(Dataset records Opens)

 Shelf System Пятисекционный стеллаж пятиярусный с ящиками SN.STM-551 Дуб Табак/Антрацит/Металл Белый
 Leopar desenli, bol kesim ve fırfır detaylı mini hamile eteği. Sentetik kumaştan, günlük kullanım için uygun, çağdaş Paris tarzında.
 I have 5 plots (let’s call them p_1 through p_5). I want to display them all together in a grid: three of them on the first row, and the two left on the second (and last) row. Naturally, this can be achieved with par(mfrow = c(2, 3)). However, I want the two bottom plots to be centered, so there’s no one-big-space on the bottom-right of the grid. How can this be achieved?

(Dataset records Closes)
(Dataset records Opens)

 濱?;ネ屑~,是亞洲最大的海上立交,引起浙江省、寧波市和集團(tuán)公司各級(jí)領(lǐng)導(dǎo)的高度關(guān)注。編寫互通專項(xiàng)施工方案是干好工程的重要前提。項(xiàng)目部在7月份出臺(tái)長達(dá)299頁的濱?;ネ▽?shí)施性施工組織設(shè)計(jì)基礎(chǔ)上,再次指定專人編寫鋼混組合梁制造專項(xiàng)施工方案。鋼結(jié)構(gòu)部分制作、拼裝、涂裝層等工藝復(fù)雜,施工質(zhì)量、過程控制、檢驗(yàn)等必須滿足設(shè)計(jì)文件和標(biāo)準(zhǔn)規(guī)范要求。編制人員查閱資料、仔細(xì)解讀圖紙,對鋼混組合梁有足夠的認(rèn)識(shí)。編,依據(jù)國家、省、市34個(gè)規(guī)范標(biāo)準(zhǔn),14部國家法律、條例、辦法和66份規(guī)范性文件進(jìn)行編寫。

(Dataset records Closes)
(Dataset records Opens)

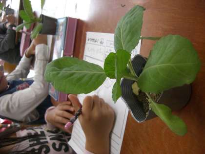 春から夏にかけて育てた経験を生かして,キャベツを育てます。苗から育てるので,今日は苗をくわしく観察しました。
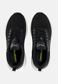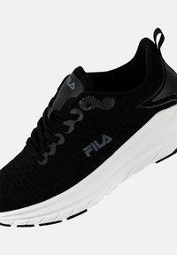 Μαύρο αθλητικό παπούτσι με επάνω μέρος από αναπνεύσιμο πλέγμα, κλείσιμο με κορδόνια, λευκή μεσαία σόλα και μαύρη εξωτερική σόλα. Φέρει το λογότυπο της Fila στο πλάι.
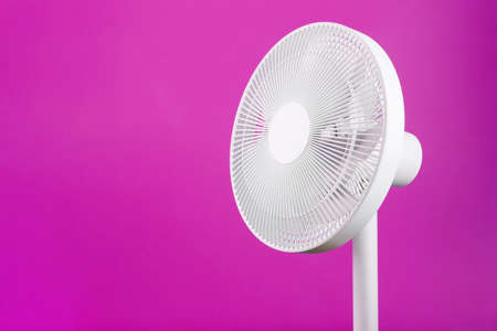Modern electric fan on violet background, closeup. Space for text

(Dataset records Closes)

Problem details: In the entries above, restate word for word the lines between the one holding "Leopar desenli, bol" and the one holding "I have 5 plots", inclusive, and nothing besides.

Exercise solution:
 Leopar desenli, bol kesim ve fırfır detaylı mini hamile eteği. Sentetik kumaştan, günlük kullanım için uygun, çağdaş Paris tarzında.
 I have 5 plots (let’s call them p_1 through p_5). I want to display them all together in a grid: three of them on the first row, and the two left on the second (and last) row. Naturally, this can be achieved with par(mfrow = c(2, 3)). However, I want the two bottom plots to be centered, so there’s no one-big-space on the bottom-right of the grid. How can this be achieved?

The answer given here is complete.